The cornerstone of this research is an efficient training strategy that combines human tele-operation and prioritizes experience replay to significantly reduce the training steps required when compared to conventional methods such as Deep Deterministic Policy Gradient (DDPG). The training framework is structured in a way that allows human players to control robots within a game simulation, where their actions are recorded and scored based on a designed reward function. This integration of human experience is pivotal because it not only provides guidance during the training phase but also bridges the disparity between simulated and real-world challenges.

Experimental Setup and Results

The efficacy of the proposed approach was validated in two experimental settings: a cluttered simulated environment (Environment 1) and a corridor-like simulated environment (Environment 2).

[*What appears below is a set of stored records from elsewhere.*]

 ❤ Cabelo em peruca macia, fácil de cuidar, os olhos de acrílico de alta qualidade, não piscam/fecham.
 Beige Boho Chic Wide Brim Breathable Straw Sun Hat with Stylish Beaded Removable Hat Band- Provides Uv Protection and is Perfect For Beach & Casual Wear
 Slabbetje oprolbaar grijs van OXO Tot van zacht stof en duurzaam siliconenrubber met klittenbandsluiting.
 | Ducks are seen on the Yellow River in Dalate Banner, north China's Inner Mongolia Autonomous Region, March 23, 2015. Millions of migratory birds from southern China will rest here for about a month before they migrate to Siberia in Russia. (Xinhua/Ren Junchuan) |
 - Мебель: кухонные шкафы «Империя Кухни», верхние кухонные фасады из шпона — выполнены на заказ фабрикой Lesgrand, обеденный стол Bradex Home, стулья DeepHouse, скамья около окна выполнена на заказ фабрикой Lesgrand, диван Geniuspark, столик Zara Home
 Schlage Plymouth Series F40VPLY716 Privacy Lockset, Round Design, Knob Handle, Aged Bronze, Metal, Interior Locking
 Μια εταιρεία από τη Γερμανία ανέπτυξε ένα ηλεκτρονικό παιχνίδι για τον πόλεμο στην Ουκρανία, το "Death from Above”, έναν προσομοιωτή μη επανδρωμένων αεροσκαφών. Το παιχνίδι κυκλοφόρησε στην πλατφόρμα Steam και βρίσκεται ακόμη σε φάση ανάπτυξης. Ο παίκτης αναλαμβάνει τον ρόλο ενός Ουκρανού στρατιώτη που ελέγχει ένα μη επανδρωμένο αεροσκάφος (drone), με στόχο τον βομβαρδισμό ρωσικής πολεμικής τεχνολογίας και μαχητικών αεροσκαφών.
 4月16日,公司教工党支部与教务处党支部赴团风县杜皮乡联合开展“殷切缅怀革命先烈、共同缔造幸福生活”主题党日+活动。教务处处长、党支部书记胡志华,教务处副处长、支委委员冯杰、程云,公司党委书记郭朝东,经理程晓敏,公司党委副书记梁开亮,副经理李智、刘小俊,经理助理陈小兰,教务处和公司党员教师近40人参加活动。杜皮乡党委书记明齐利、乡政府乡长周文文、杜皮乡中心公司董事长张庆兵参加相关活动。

In comparison to the standard DDPG, the proposed method demonstrated exceptional improvements, achieving equivalent levels of reward using merely 16% and 20% of the training steps in Environments 1 and 2, respectively. Noteworthy is that in testing across 20 random missions, the proposed technique resulted in zero collisions within a notably reduced training period: less than two hours in Environment 1 and 2.5 hours in Environment 2.

Real-World Applicability

One of the salient contributions of this research is its demonstration that models trained through the outlined strategy in simulation can be deployed in real-world scenarios without additional fine-tuning. This marks a significant advantage in the robustness and practicality of training algorithms for mobile robots, which were successfully tested using a TurtleBot3 Waffle Pi in real settings, without encountering the notorious sim-to-real gap.

Implications and Future Directions

The implications of this paper are multifaceted, spanning practical impact on mobile robotics applications in real-world unstructured environments where rapid and reliable deployment is critical. Theoretical advancements are observable in the use of human data alongside DRL algorithms, establishing a precedent for hybrid-learning models that harness human-derived insights to augment machine learning efficiency.

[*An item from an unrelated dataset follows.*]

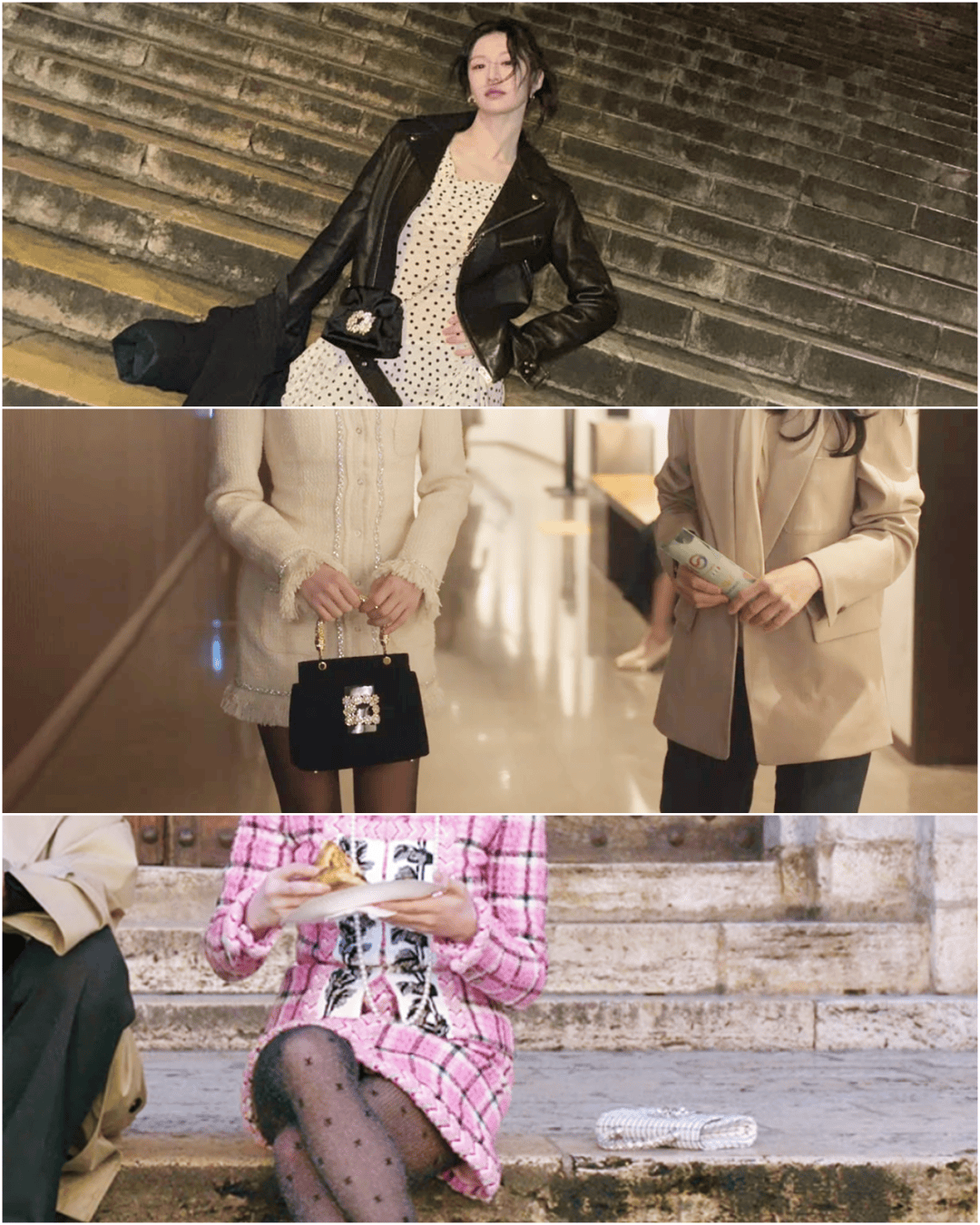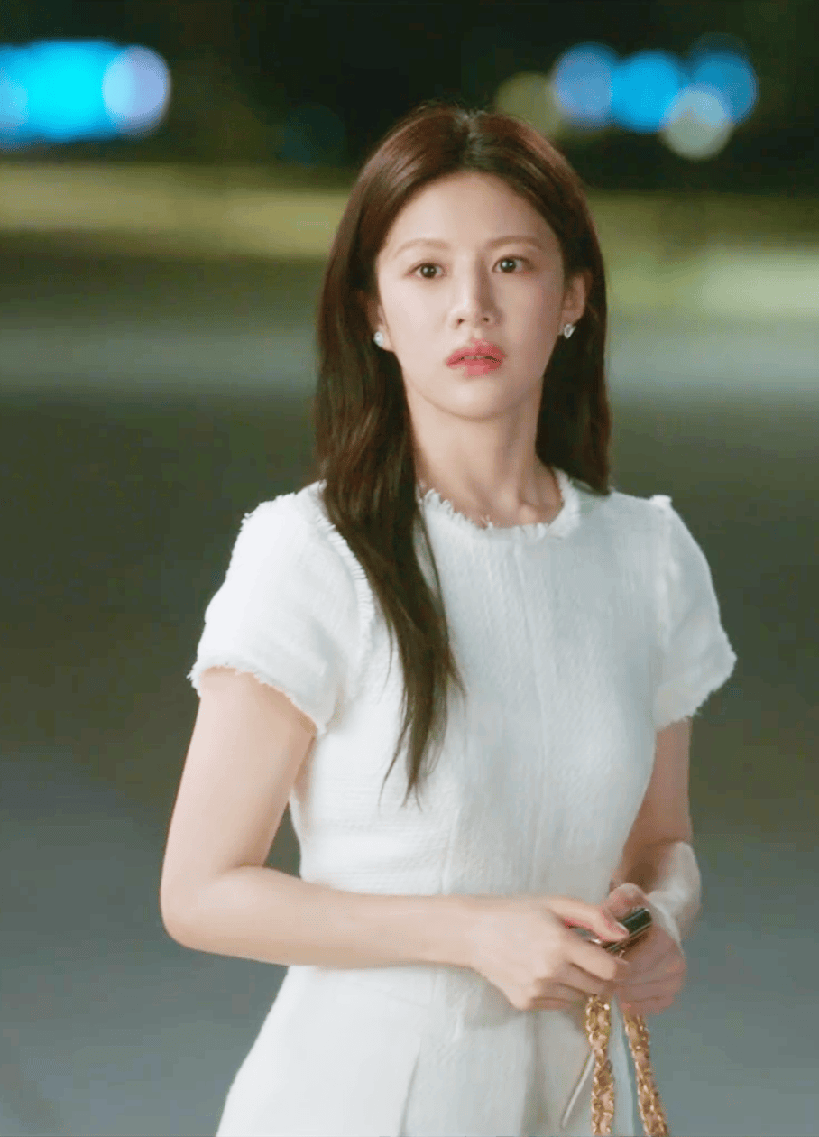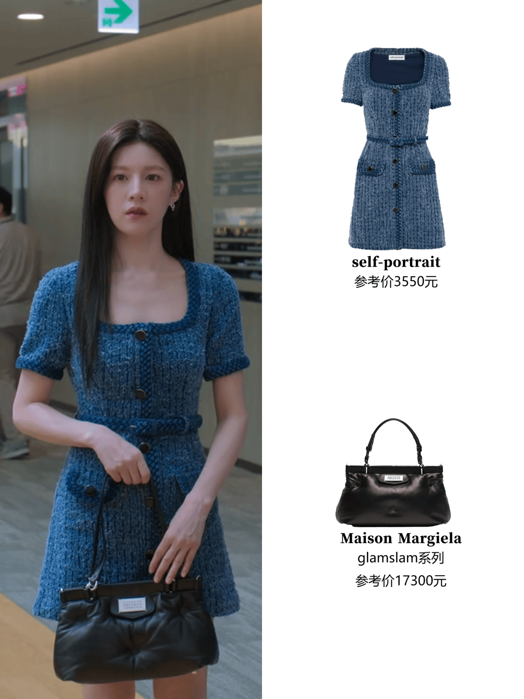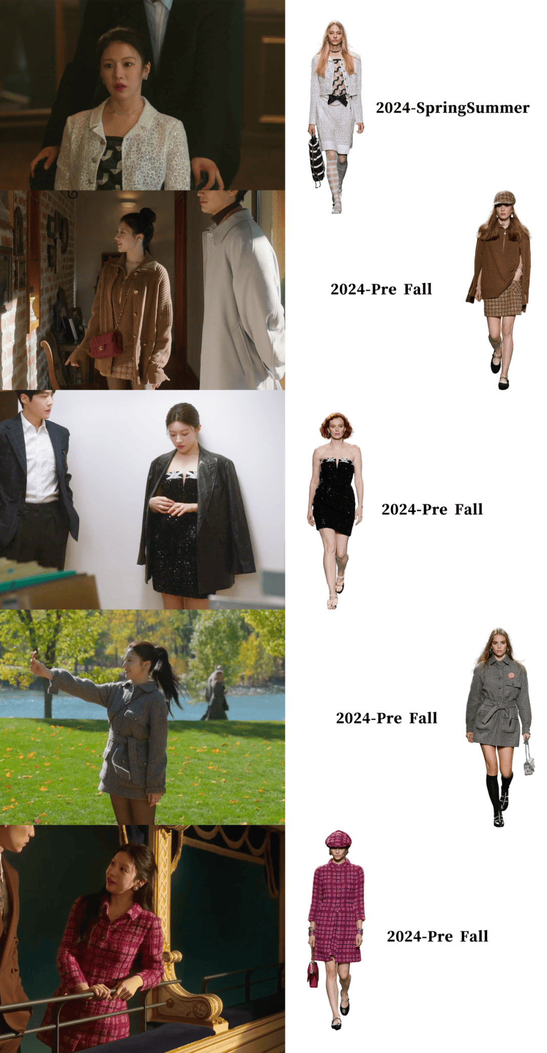 女主在剧中穿了好多粗花呢单品,一方面是韩剧造型师很喜欢给比较贵气的人设这样穿,另一方面高允真本人也和Chanel有合作关系。

Looking forward, potential future work could explore the incorporation of richer sensory data such as RGB and depth information to further enhance the situational awareness of autonomous agents. Furthermore, introducing recurrent neural network architectures, such as LSTMs, could bolster the agent's capability to maintain situational context over extended time horizons, thereby improving navigation and decision-making in complex environments. The application and adaptation of these methods to social robotics and dynamic human-robot interaction scenarios also present promising avenues for further research.

In conclusion, this paper sets a promising direction for leveraging human-guided and reinforcement learning techniques to create robust, adaptable navigation systems in mobile robotics, significantly contributing to the optimization of sim-to-real archetypes within the domain.